■ AIM OF THE EXERCISE ■
Give a verbatim copy of the lines below, minus the pictures.

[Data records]
□ □ □ □

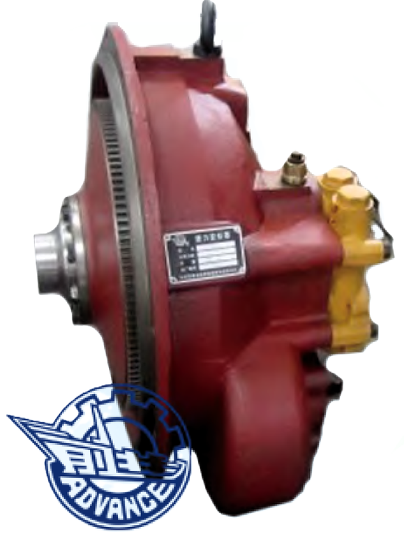Гидротрансформатор крутящего момента YJ380 пред-ставляет собой трехэлементный гидравлический преобразователь, диаметр окружности 380, напрямую соединен с двигателем, фланцевым выходом и тремя портами вала отбора мощности.
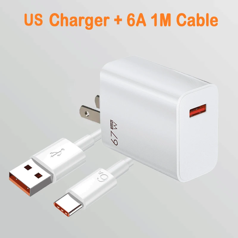 Cargador USB GaN de 67W, adaptador de carga de teléfono de carga rápida para iPhone, Samsung, Xiaomi, Huawei, carga rápida 3,0, cargador de pared con enchufe UE/EE. UU.
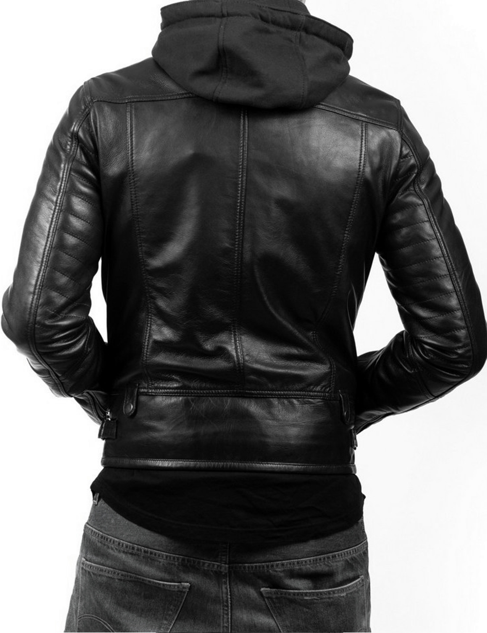 Ανδρικό δερμάτινο από sheep napa με αποσπώμενη κουκούλα, biker style.
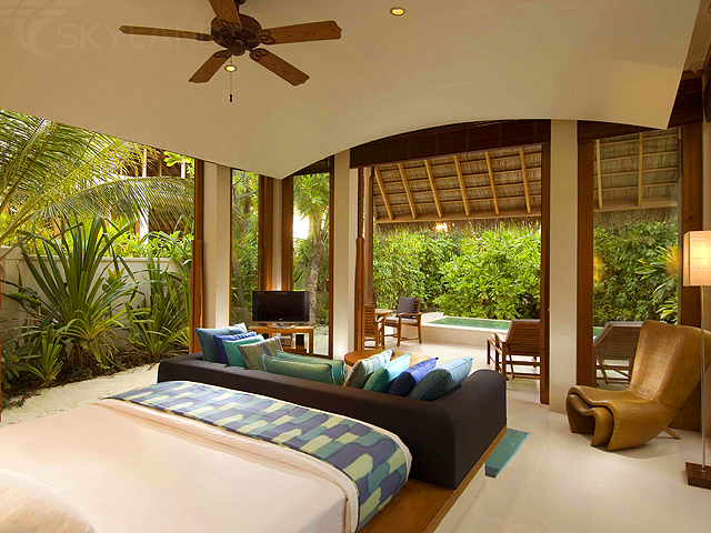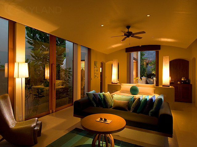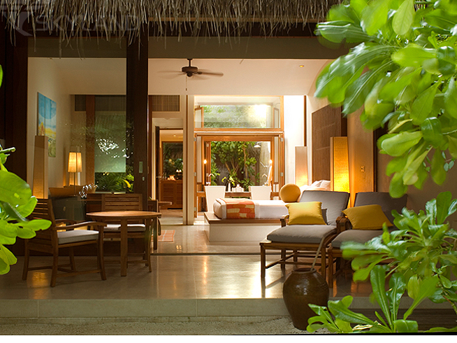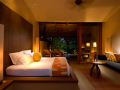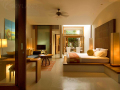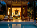 44 Deluxe Beach Villas (300 кв.м) – просторные отдельные виллы на пляже с роскошной мебелью, со спальней со стеклянной раздвижной стеной, террасой-солярием с лежаками, приватным двориком с фонтаном, огромной ванной комнатой с ванной под навесом из тростника, душем под открытым небом и небольшим бассейном в частном саду.
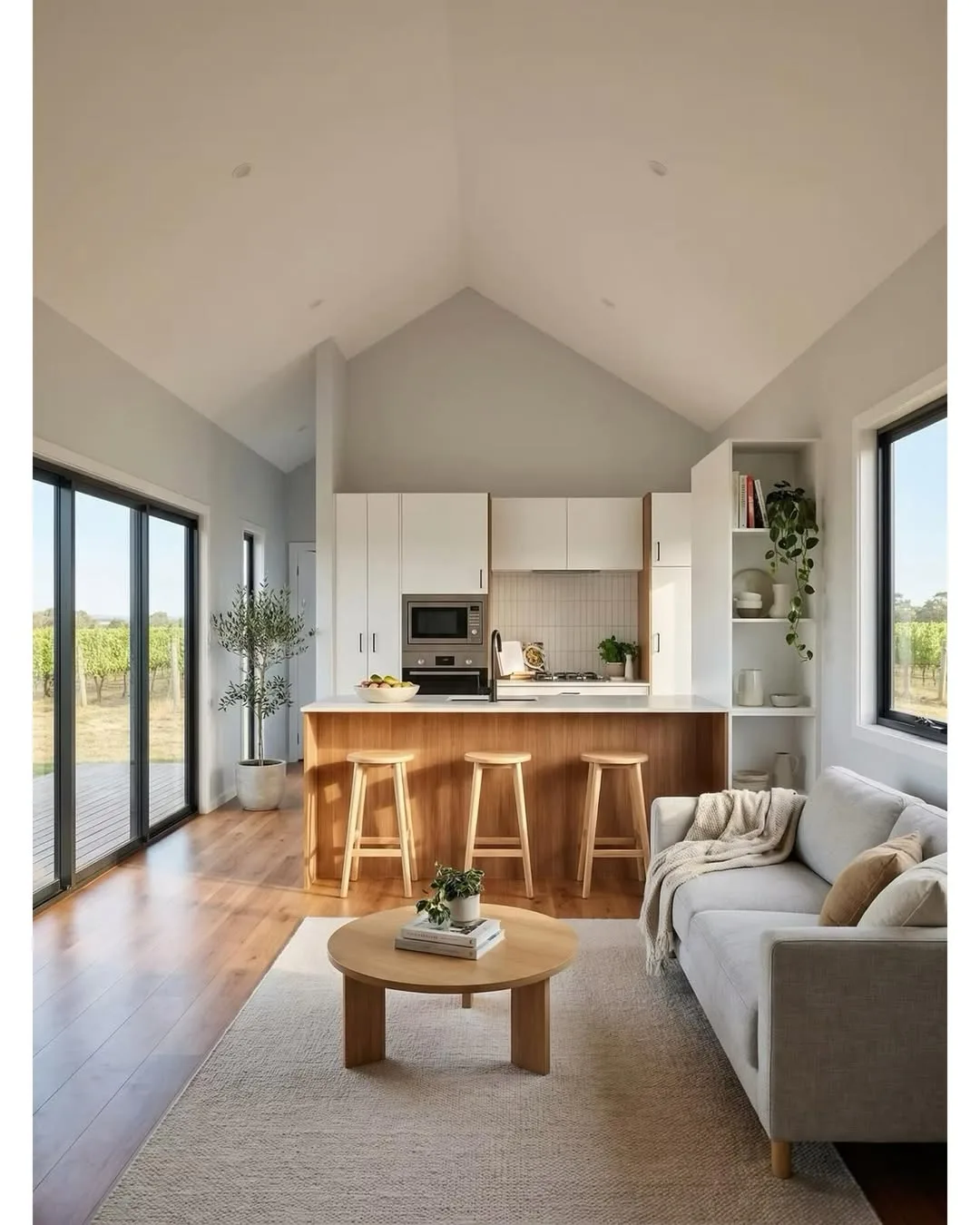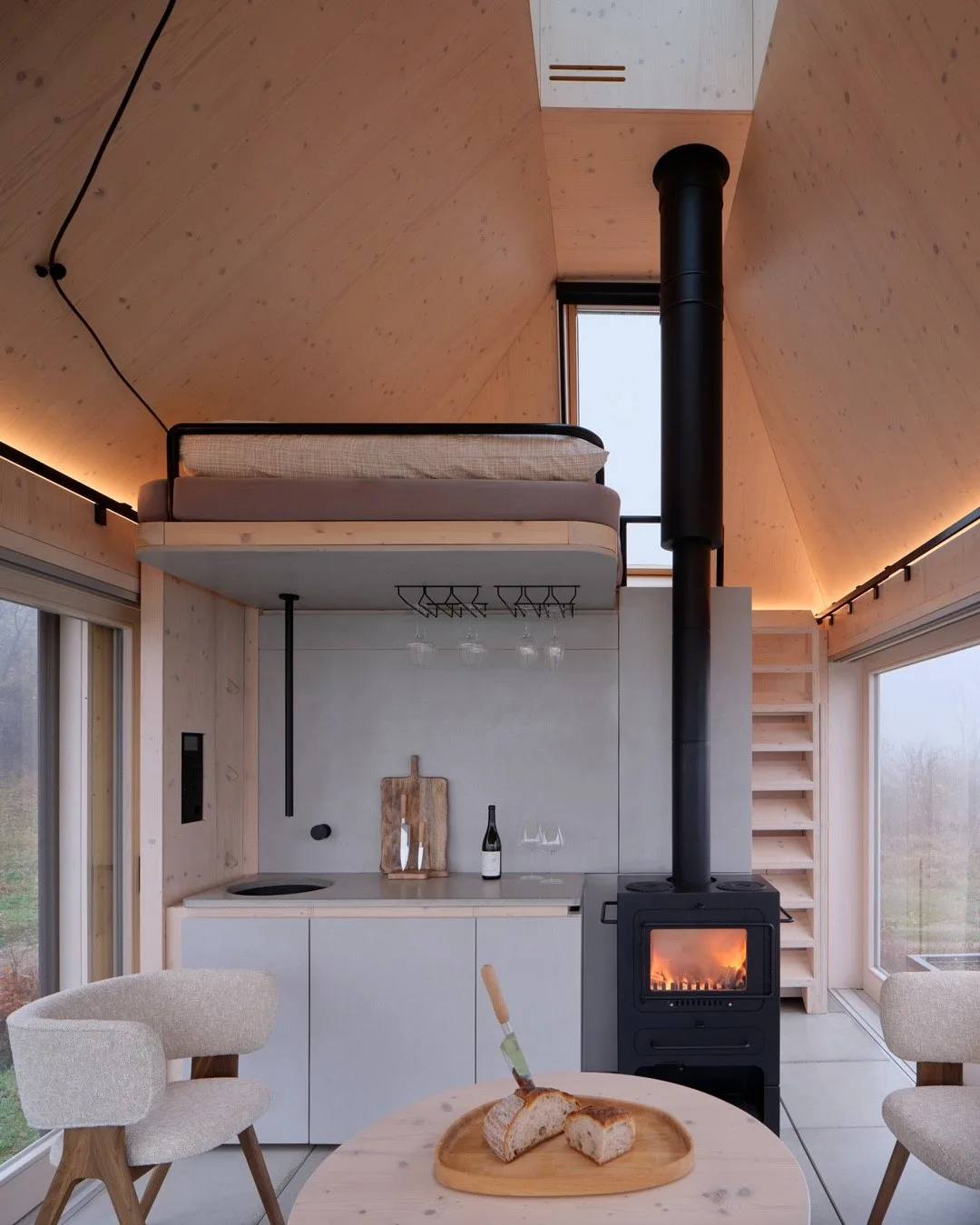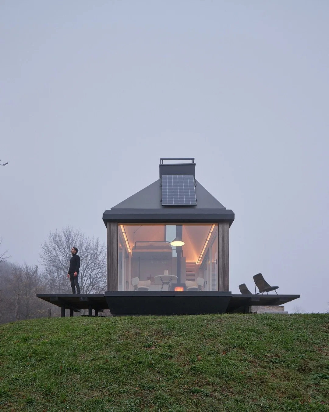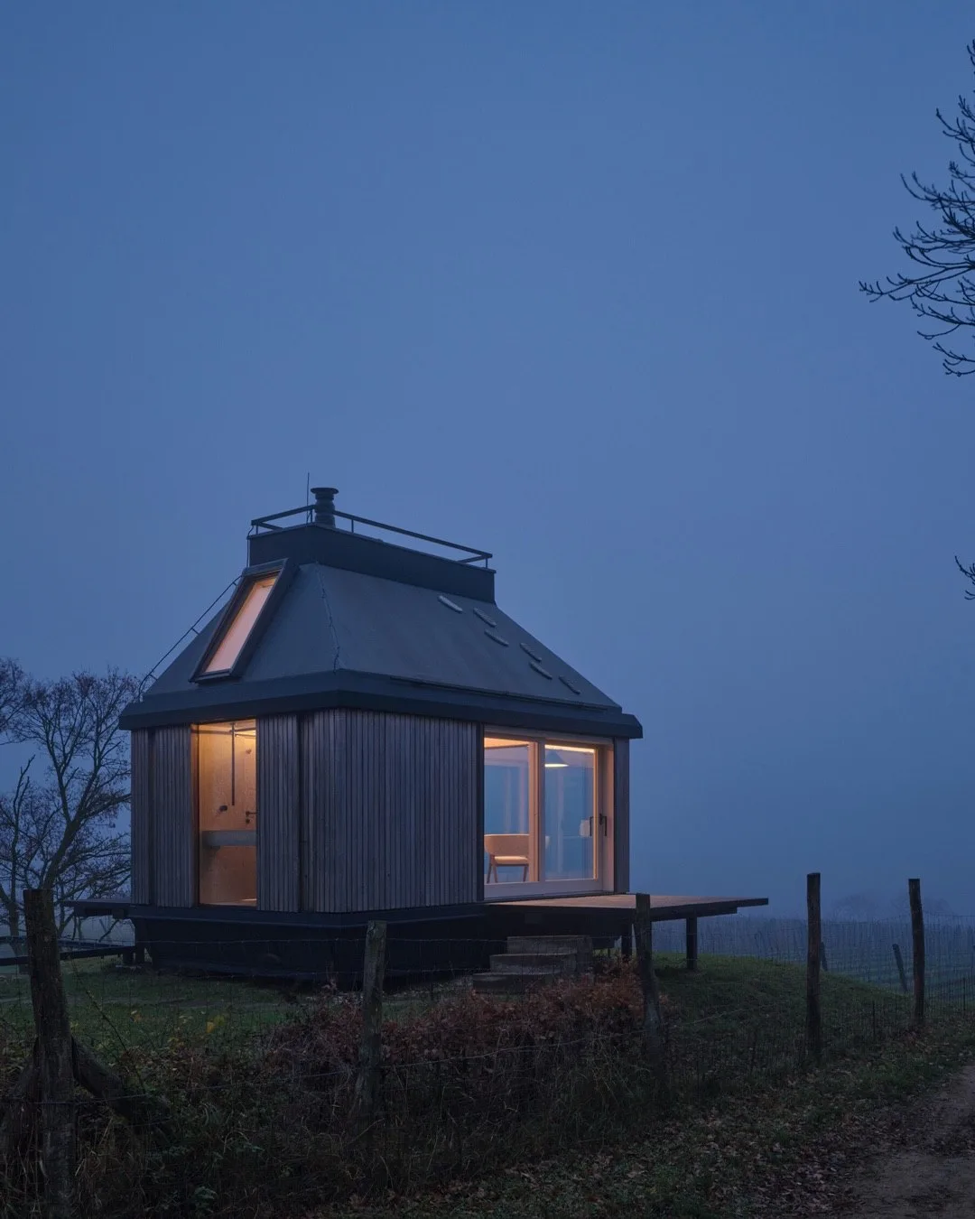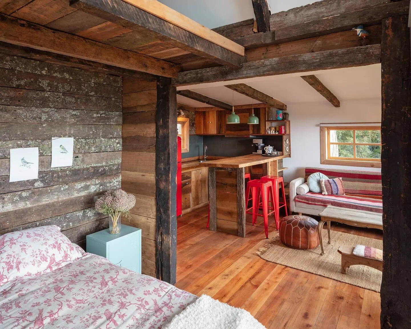 Мини-дом в стиле барнхаус площадью 37м2 в Нью-Йорке на ферме Валли. Эти дома спроектированны как экологически безопасное жилье для работников фермы. В доме представлены такие материалы как конопляный бетон, который хорошо себя зарегистрировал в качестве утеплителя (последнее фото).

□ □ □ □

■ TASK ANSWER ■
Гидротрансформатор крутящего момента YJ380 пред-ставляет собой трехэлементный гидравлический преобразователь, диаметр окружности 380, напрямую соединен с двигателем, фланцевым выходом и тремя портами вала отбора мощности.
 Cargador USB GaN de 67W, adaptador de carga de teléfono de carga rápida para iPhone, Samsung, Xiaomi, Huawei, carga rápida 3,0, cargador de pared con enchufe UE/EE. UU.
 Ανδρικό δερμάτινο από sheep napa με αποσπώμενη κουκούλα, biker style.
 44 Deluxe Beach Villas (300 кв.м) – просторные отдельные виллы на пляже с роскошной мебелью, со спальней со стеклянной раздвижной стеной, террасой-солярием с лежаками, приватным двориком с фонтаном, огромной ванной комнатой с ванной под навесом из тростника, душем под открытым небом и небольшим бассейном в частном саду.
 Мини-дом в стиле барнхаус площадью 37м2 в Нью-Йорке на ферме Валли. Эти дома спроектированны как экологически безопасное жилье для работников фермы. В доме представлены такие материалы как конопляный бетон, который хорошо себя зарегистрировал в качестве утеплителя (последнее фото).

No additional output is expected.